I can only tell you that you’re wrong. This is not about losing an election. This isn’t about not winning a contest. This is about two very different ways of seeing the world.
Hillary supporters believe in a diverse America; one where religion or skin color or sexual orientation or place of birth aren’t liabilities or deficiencies or moral defects. Her campaign was one of inclusion and connection and interdependency. It was about building bridges and breaking ceilings. It was about going high.
Trump supporters believe in a very selective America; one that is largely white and straight and Christian, and the voting verified this. Donald Trump has never made any assertions otherwise. He ran a campaign of fear and exclusion and isolation—and that’s the vision of the world those who voted for him have endorsed.
They have aligned with the wall-builder and the professed p*ssy-grabber, and they have co-signed his body of work, regardless of the reasons they give for their vote:
Every horrible thing Donald Trump ever said about women or Muslims or people of color has now been validated.
Every profanity-laced press conference and every call to bully protestors and every ignorant diatribe has been endorsed.
Every piece of anti-LGBTQ legislation Mike Pence has championed has been signed-off on.
Half of our country has declared these things acceptable, noble, American.
This is the disconnect and the source of our grief today. It isn’t a political defeat that we’re lamenting, it’s a defeat for Humanity.
We’re not angry that our candidate lost. We’re angry because our candidate’s losing means this country will be less safe, less kind, and less available to a huge segment of its population, and that’s just the truth.
Those who have always felt vulnerable are now left more so. Those whose voices have been silenced will be further quieted. Those who always felt marginalized will be pushed further to the periphery. Those who feared they were seen as inferior now have confirmation in actual percentages.
Those things have essentially been campaign promises of Donald Trump, and so many of our fellow citizens have said this is what they want too.
This has never been about politics.
This is not about one candidate over the other.
It’s not about one’s ideas over another’s.
It is not blue vs. red.
It’s not her emails vs. his bad language.
It’s not her dishonesty vs. his indecency.
It’s about overt racism and hostility toward minorities.
It’s about religion being weaponized.
It’s about crassness and vulgarity and disregard for women.
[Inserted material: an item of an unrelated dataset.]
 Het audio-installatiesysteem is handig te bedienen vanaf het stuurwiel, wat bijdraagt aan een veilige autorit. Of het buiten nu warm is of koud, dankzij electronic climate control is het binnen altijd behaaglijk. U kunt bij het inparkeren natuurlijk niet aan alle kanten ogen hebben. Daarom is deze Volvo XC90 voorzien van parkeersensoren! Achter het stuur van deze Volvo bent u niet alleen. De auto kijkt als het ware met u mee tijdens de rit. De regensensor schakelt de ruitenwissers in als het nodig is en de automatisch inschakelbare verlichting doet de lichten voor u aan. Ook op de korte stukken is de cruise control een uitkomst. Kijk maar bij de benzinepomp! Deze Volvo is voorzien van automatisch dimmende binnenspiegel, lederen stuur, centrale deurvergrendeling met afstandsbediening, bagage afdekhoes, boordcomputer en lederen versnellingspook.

It’s about a barricaded, militarized, bully nation.
It’s about an unapologetic, open-faced ugliness.
And it is not only that these things have been ratified by our nation that grieve us; all this hatred, fear, racism, bigotry, and intolerance—it’s knowing that these things have been amen-ed by our neighbors, our families, our friends, those we work with and worship alongside. That is the most horrific thing of all. We now know how close this is.
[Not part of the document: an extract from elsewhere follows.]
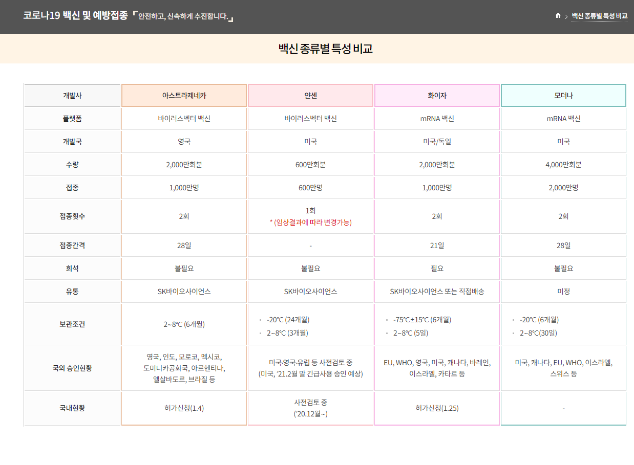 아마 위에 사진표가 국내에서 들여올 백신 종류 구요

It feels like living in enemy territory being here now, and there’s no way around that. We wake up today in a home we no longer recognize. We are grieving the loss of a place we used to love but no longer do. This may be America today but it is not the America we believe in or recognize or want.
This is not about a difference of political opinion, as that’s far too small to mourn over. It’s about a fundamental difference in how we view the worth of all people—not just those who look or talk or think or vote the way we do.
Grief always laments what might have been, the future we were robbed of, the tomorrow that we won’t get to see, and that is what we walk through today. As a nation we had an opportunity to affirm the beauty of our diversity this day, to choose ideas over sound bytes, to let everyone know they had a place at the table, to be the beacon of goodness and decency we imagine that we are—and we said no.
The Scriptures say that weeping endures for a night but joy comes in the morning. We can’t see that dawn coming any time soon.
And this is why we grieve"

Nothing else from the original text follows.